■ SOURCE DATA
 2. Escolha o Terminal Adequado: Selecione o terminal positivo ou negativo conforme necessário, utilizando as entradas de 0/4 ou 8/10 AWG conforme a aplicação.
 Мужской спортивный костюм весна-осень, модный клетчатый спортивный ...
---
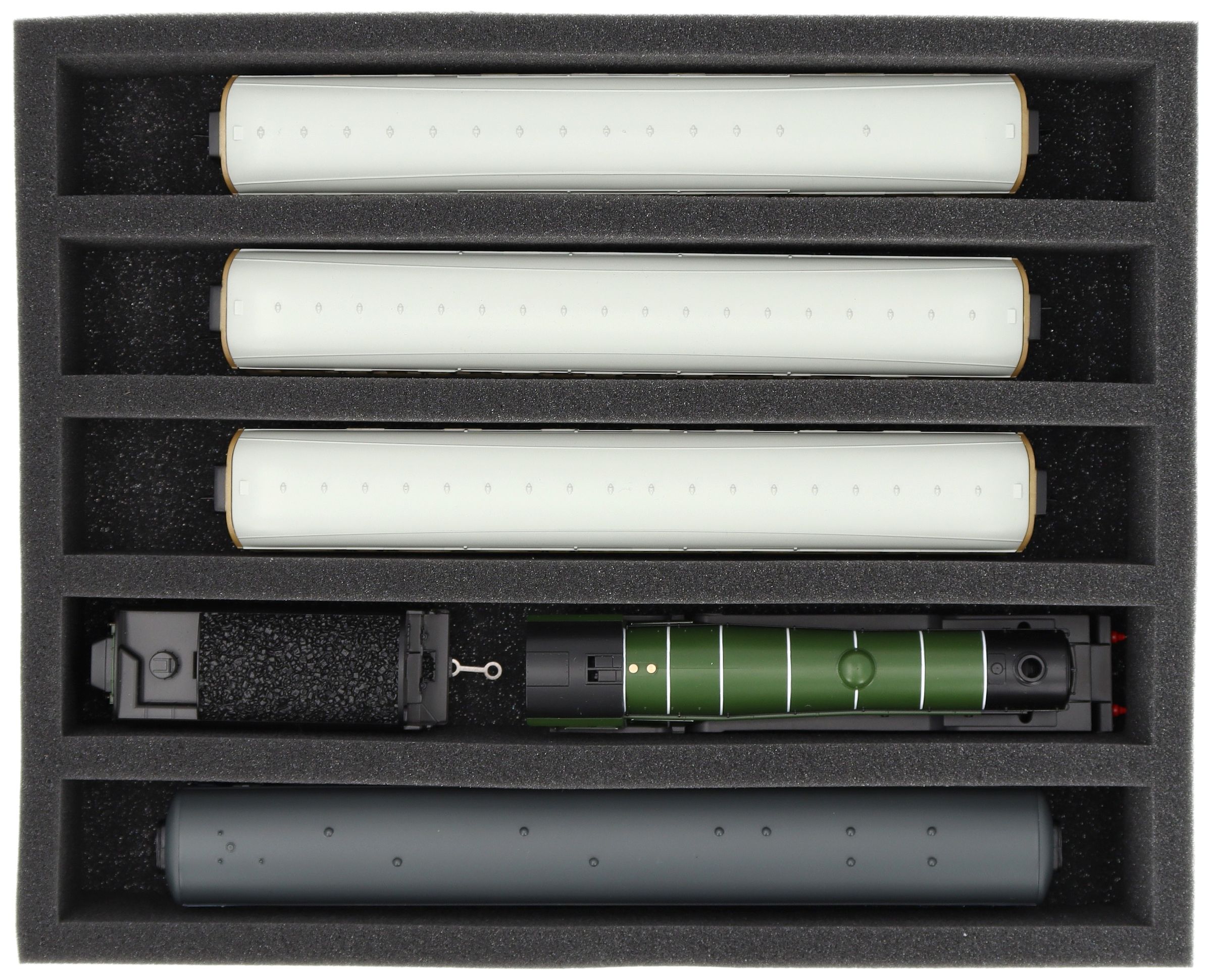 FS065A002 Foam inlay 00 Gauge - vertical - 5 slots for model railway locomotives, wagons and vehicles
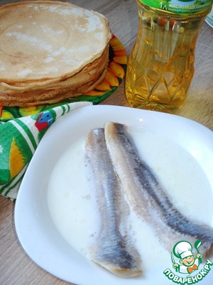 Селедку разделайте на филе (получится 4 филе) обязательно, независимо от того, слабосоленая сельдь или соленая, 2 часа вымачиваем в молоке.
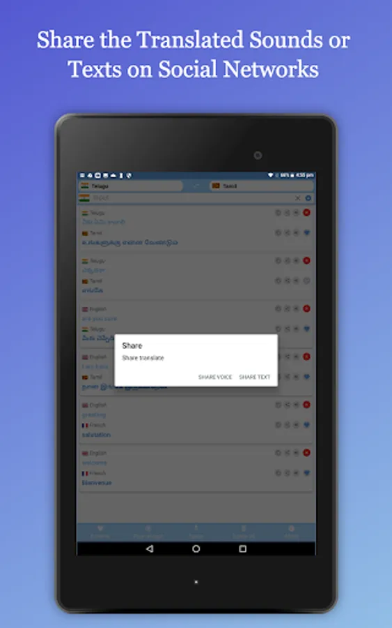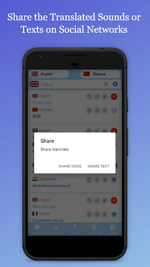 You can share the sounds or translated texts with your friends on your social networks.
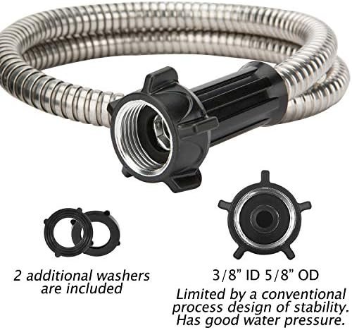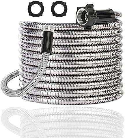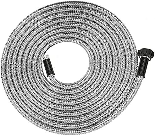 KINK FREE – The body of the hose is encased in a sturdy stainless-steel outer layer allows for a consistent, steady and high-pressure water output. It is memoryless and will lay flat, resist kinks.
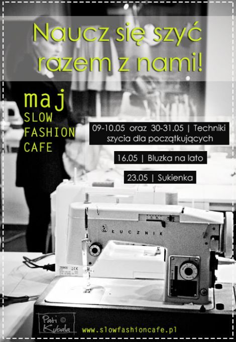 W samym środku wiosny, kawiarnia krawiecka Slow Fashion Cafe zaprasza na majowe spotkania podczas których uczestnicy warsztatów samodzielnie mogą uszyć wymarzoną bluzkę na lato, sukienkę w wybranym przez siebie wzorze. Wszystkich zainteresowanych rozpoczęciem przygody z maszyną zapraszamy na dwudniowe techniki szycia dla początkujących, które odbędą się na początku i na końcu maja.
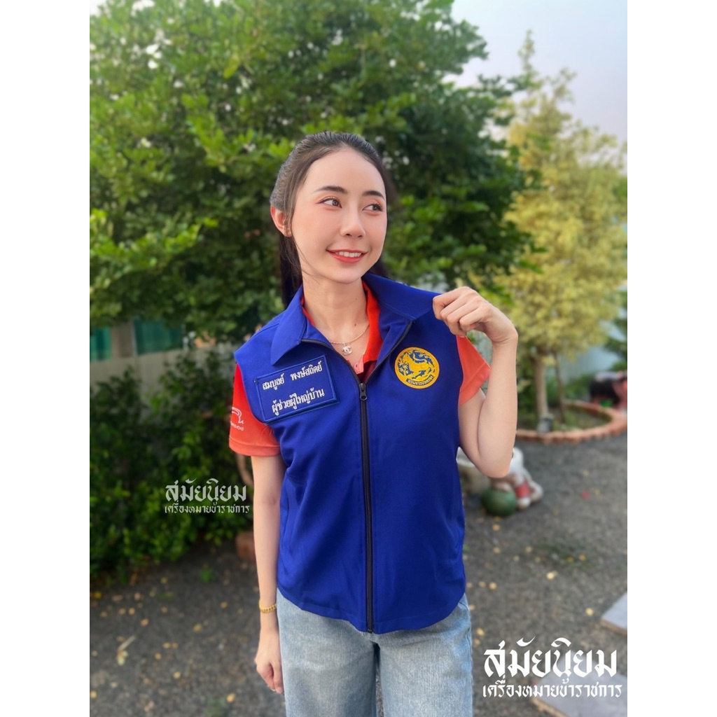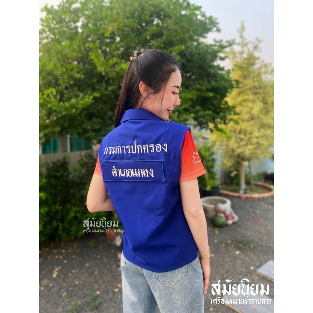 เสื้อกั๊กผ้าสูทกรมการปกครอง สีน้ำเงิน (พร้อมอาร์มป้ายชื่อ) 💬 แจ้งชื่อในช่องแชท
...
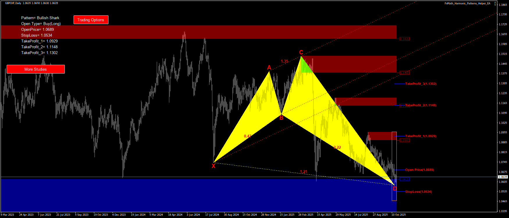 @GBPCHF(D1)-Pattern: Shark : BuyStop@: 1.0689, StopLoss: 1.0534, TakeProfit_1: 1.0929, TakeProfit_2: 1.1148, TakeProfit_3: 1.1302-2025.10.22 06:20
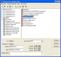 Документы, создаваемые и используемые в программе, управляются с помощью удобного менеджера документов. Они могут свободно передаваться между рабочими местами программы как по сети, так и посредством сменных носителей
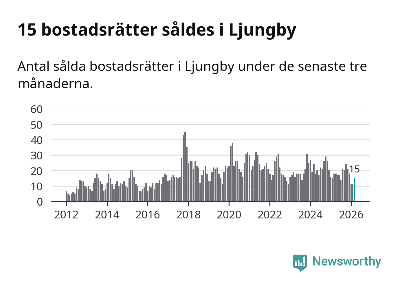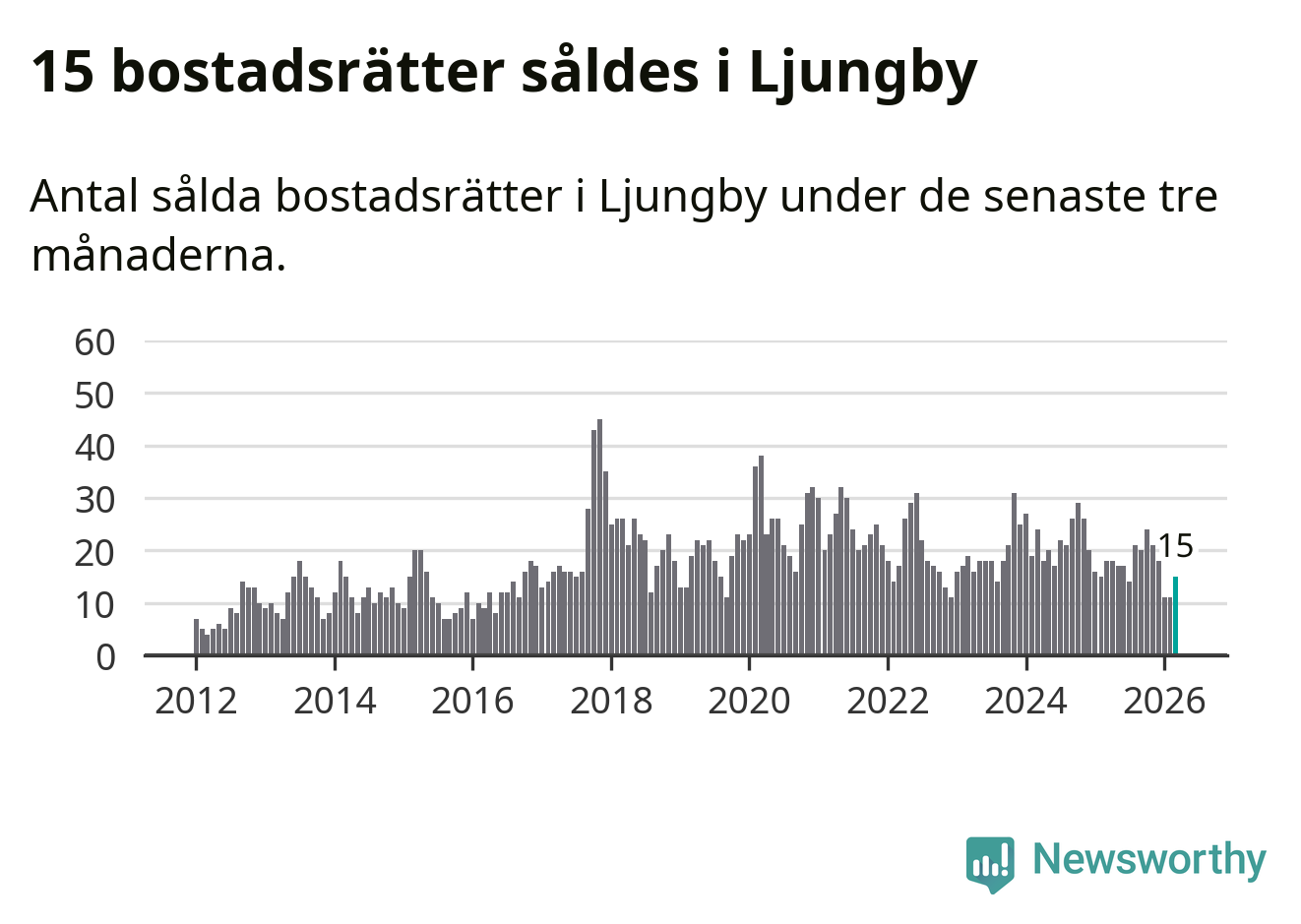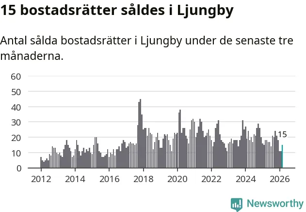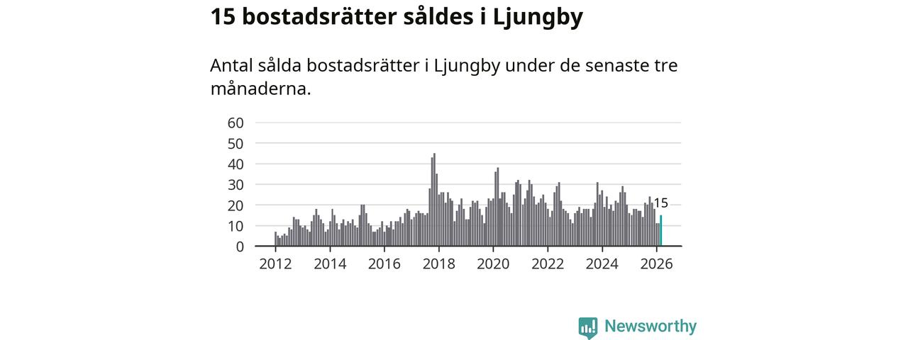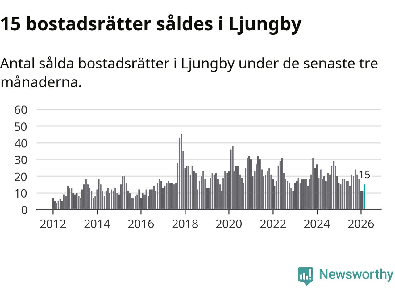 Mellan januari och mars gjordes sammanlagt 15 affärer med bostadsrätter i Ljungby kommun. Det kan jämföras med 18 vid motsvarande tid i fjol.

■ WORK TASK
Print the part of the listing above that opens with the line containing "You can share" and closes with the line containing "KINK FREE –". Copy it exactly, both ends included, and omit the pictures.

■ YOUR SOLUTION
 You can share the sounds or translated texts with your friends on your social networks.
 KINK FREE – The body of the hose is encased in a sturdy stainless-steel outer layer allows for a consistent, steady and high-pressure water output. It is memoryless and will lay flat, resist kinks.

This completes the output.